▶ _REQUIREMENT_
Omitting the pictures, output all of the records precisely as written.

▶ _ENTRIES SHOWN_
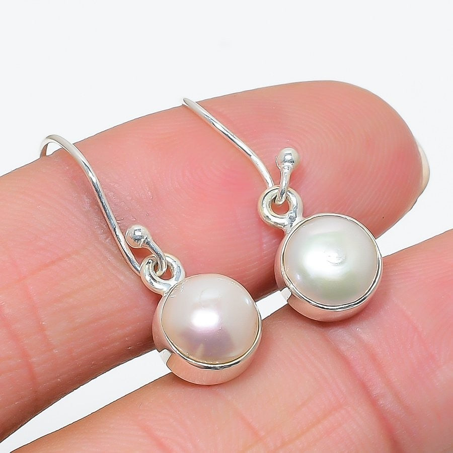 River Pearl Gemstone Solid Sterling Silver Dangling Art Deco Earrings Jewelry
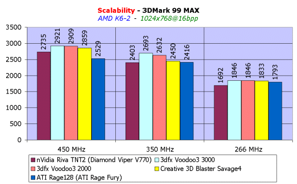 А вот посмотрев на диаграмму масштабируемости, то есть на зависимость производительности видеокарты от частоты работы процессора можно сказать, что по скорости в K6-2 системах Creative 3D Blaster Savage4 стоит на 2-м месте после Voodoo3:
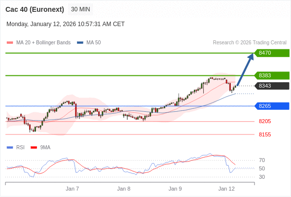 交易策略: 在 8265 之上,看涨,目标价位为 8383 ,然后为 8470 。
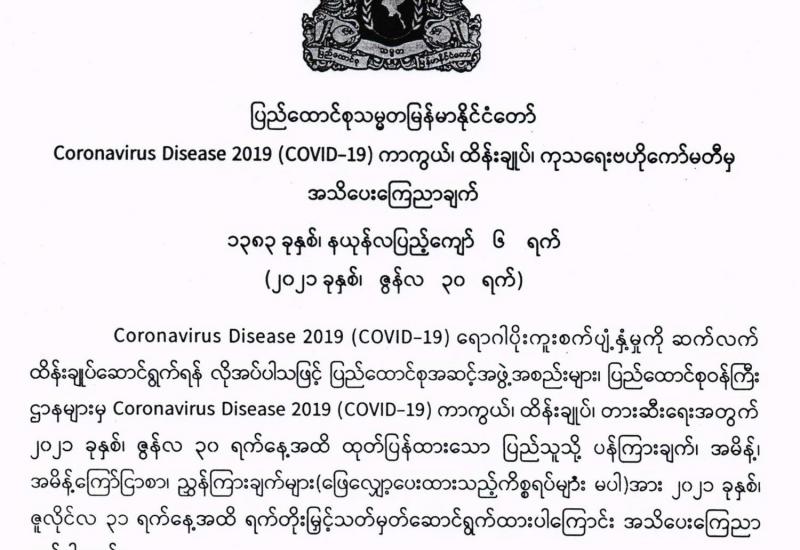 ပြည်ထောင်စုသမ္မတမြန်မာနိုင်ငံတော် Coronavirus Disease 2019 (COVID-19) ကာကွယ်၊ ထိန်းချုပ်၊ ကုသရေးဗဟိုကော်မတီမှ အသိပေးကြေညာချက်
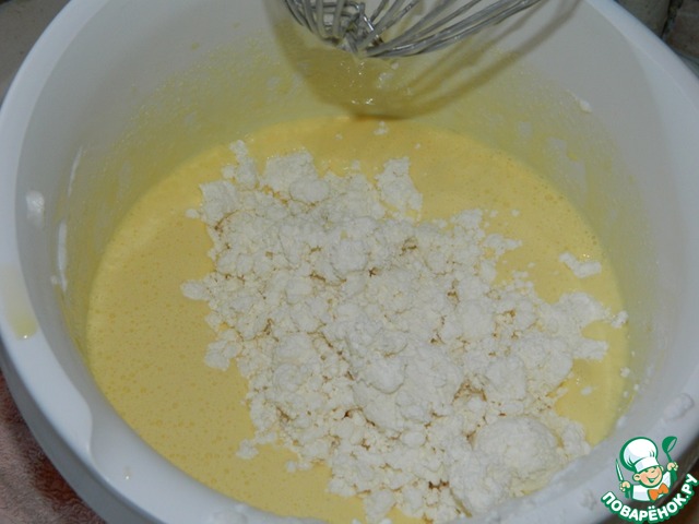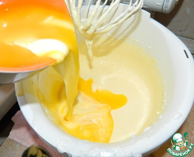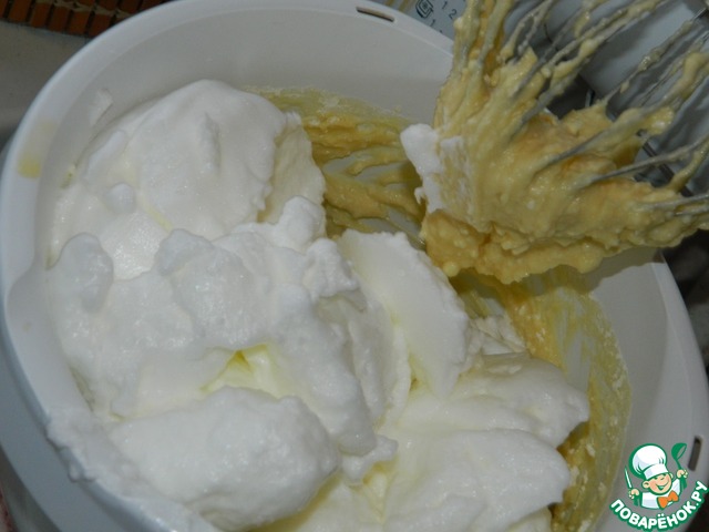 Добавить к тесту взбитые белки и аккуратно перемешать.
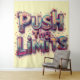 Cette superbe tapisserie présente un fond jaune vibrant et crémeux, créant une atmosphère lumineuse et accueillante. La phrase motivante "Push The Limits" est mise en valeur dans une typographie moderne et saisissante qui ressemble à du néon, avec des lettres carrées semblables à du verre qui apparaissent dimensionnelles et colorées. Les lettres grasses et transparentes ressortent sur le fond, créant un contraste saisissant qui attire l'attention et inspire l'action.
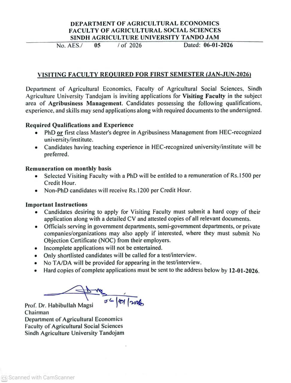 VISITING FACULTY REQUIRED for Faculty in the Department of Animal Products Technology, Sindh Agriculture University, Tandojam. |
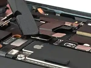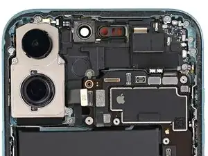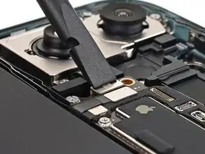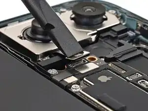 Используйте палец или лопатку, чтобы подключить два разъема сборки фронтальной камеры, расположенные в верхнем левом углу логической платы.

▶ _REPLY_
 River Pearl Gemstone Solid Sterling Silver Dangling Art Deco Earrings Jewelry
 А вот посмотрев на диаграмму масштабируемости, то есть на зависимость производительности видеокарты от частоты работы процессора можно сказать, что по скорости в K6-2 системах Creative 3D Blaster Savage4 стоит на 2-м месте после Voodoo3:
 交易策略: 在 8265 之上,看涨,目标价位为 8383 ,然后为 8470 。
 ပြည်ထောင်စုသမ္မတမြန်မာနိုင်ငံတော် Coronavirus Disease 2019 (COVID-19) ကာကွယ်၊ ထိန်းချုပ်၊ ကုသရေးဗဟိုကော်မတီမှ အသိပေးကြေညာချက်
 Добавить к тесту взбитые белки и аккуратно перемешать.
 Cette superbe tapisserie présente un fond jaune vibrant et crémeux, créant une atmosphère lumineuse et accueillante. La phrase motivante "Push The Limits" est mise en valeur dans une typographie moderne et saisissante qui ressemble à du néon, avec des lettres carrées semblables à du verre qui apparaissent dimensionnelles et colorées. Les lettres grasses et transparentes ressortent sur le fond, créant un contraste saisissant qui attire l'attention et inspire l'action.
 VISITING FACULTY REQUIRED for Faculty in the Department of Animal Products Technology, Sindh Agriculture University, Tandojam. |
 Используйте палец или лопатку, чтобы подключить два разъема сборки фронтальной камеры, расположенные в верхнем левом углу логической платы.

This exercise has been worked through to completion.